Die optimierte Eisenbahn

Christoph Pöppe

Eigentlich gehört das Finden eines Optimums zu den Kernkompetenzen der angewandten Mathematik. Wir haben ein System (eine Maschine, eine Lastwagenflotte, ein Flugzeug, einen Wald, …), dessen Funktion beschreiben wir durch Gleichungen. Wir wollen, dass das System in irgendeinem Sinne bestmöglich funktioniert, sagen wir zu den geringsten Kosten. Dazu definieren wir uns eine Funktion, die die Kosten des Betriebs beschreibt, und suchen deren Minimum.

Das dann wirklich zu finden ist im Einzelfall alles andere als einfach, aber wenigstens „richtige“ Mathematik.
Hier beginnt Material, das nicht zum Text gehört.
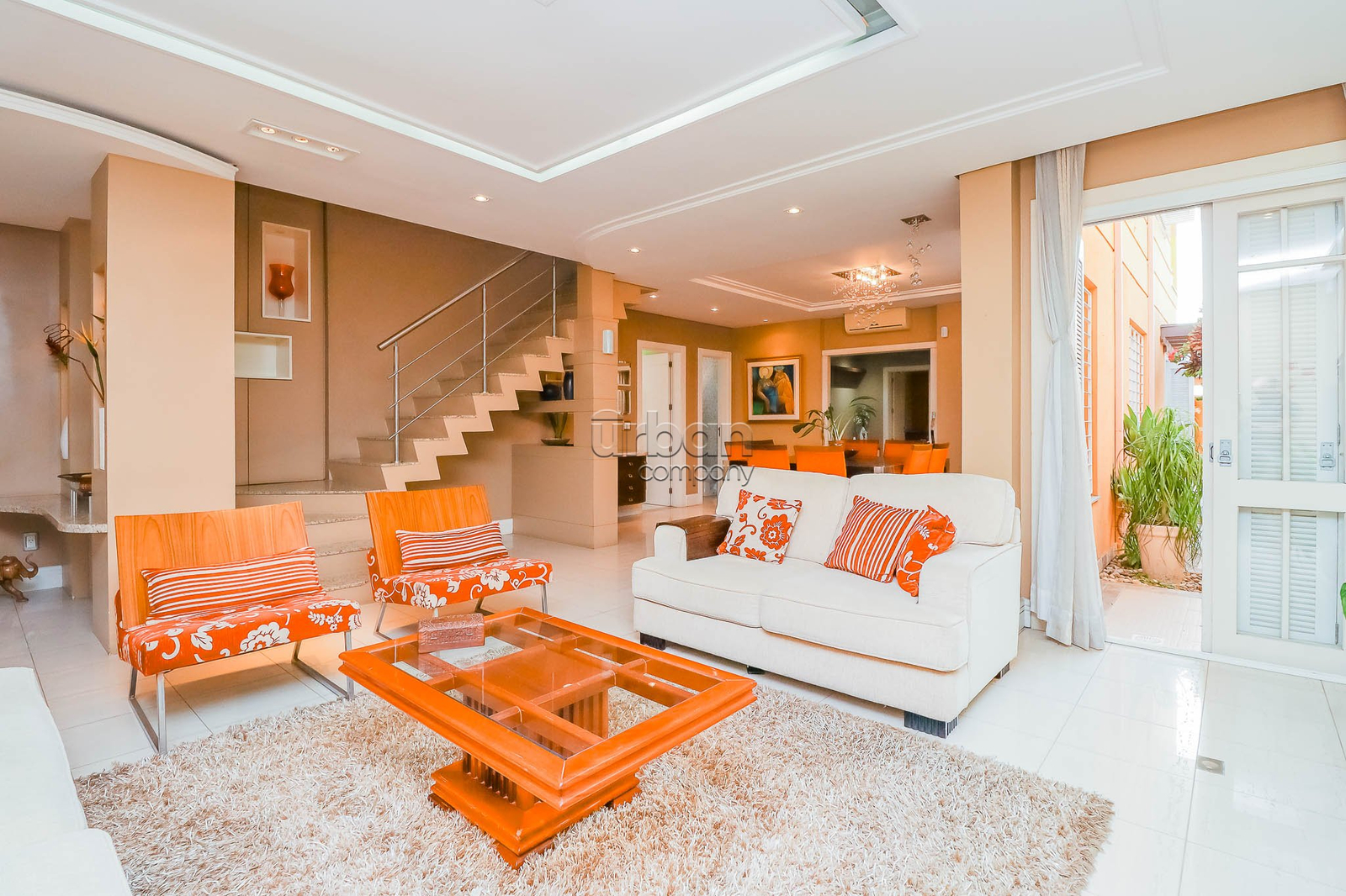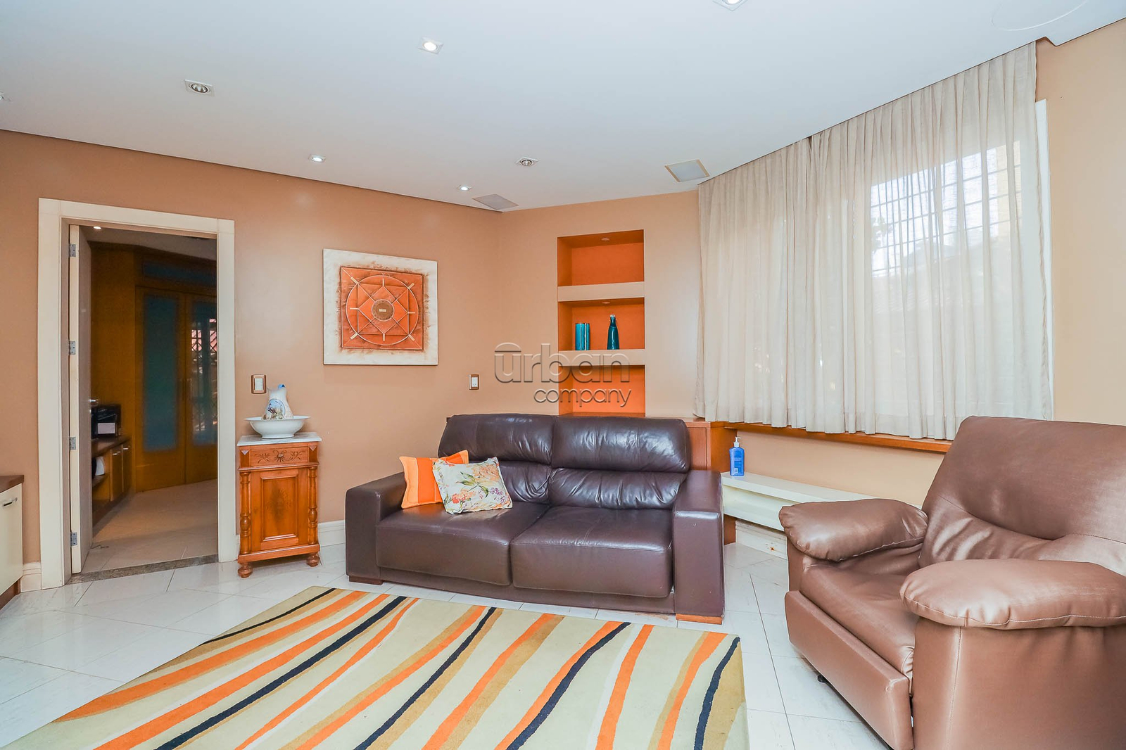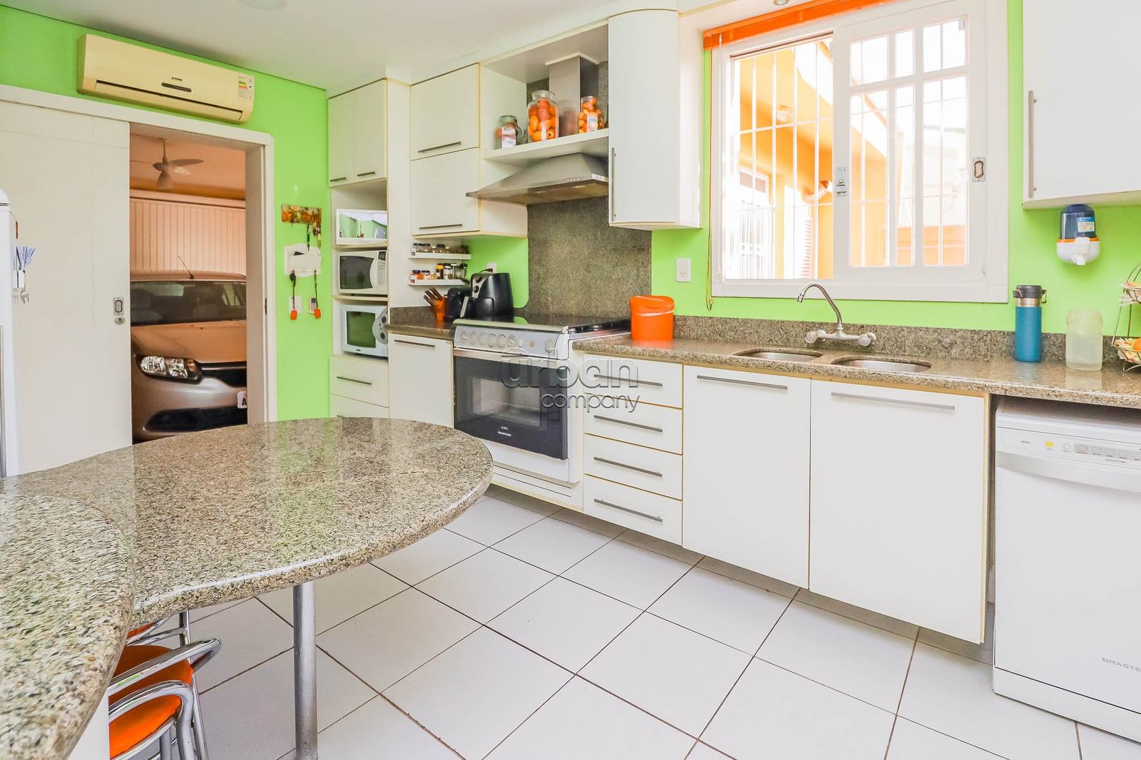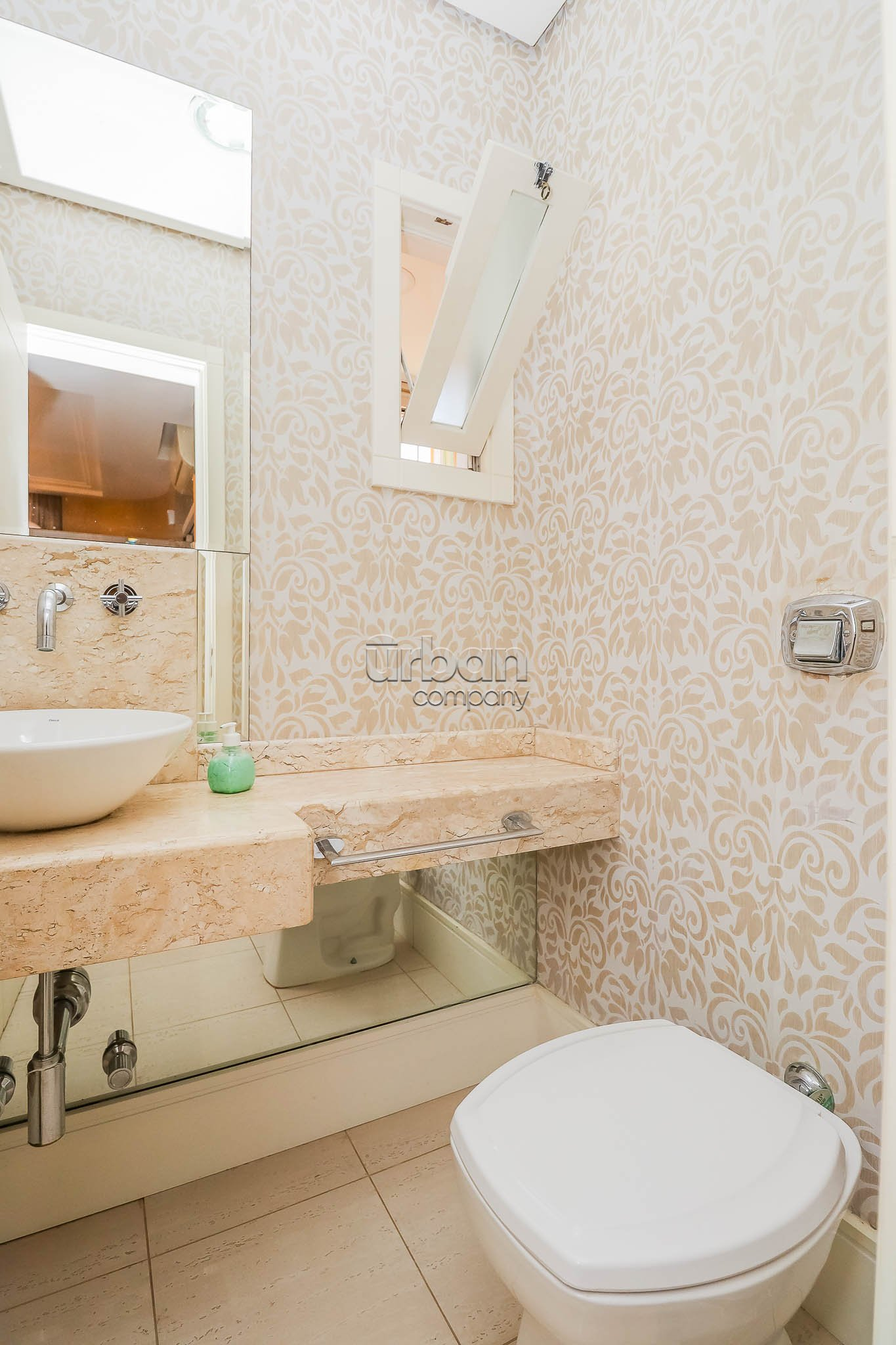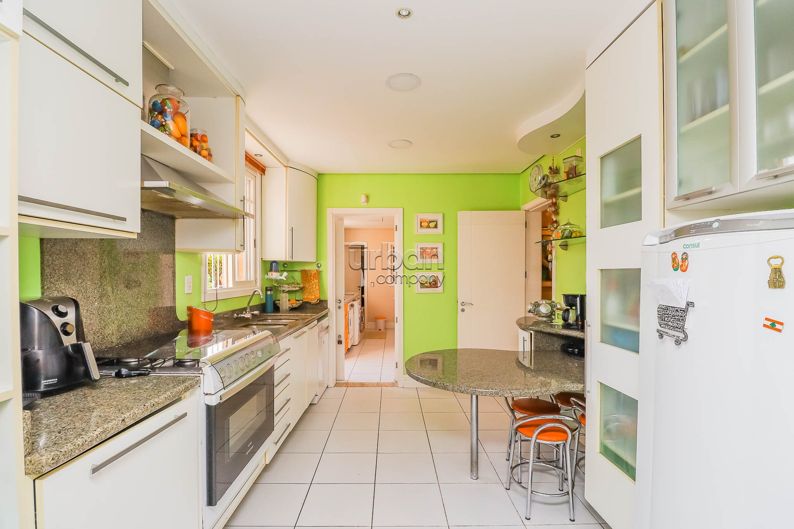 No primeiro pavimento, o living espaçoso para dois ambientes é realçado por uma lareira elegante e um jardim de inverno que traz leveza e tranquilidade. A sala de jantar se conecta à área de estar íntima, ideal para momentos de descanso e entretenimento. Há também um dormitório térreo que pode ser convertido em uma quarta suíte, além de um escritório funcional, cozinha equipada com dependência completa e uma lavanderia ampla.

Häufig ist jedoch das Tückischste am Problem nicht das Lösen, sondern das Aufstellen. Die Realität ist in aller Regel komplizierter, als einem lieb ist. Welche ihrer Eigenschaften lässt man beim Aufstellen der Gleichungen (dem „Modellieren“) als unwesentlich weg? Mit welchen Gleichungen beschreibt man die wesentlichen? Und vor allem: Was genau ist die Zielfunktion? Es ist nicht von vornherein klar, dass die Kosten das Einzige sind, was einen an einem System stört.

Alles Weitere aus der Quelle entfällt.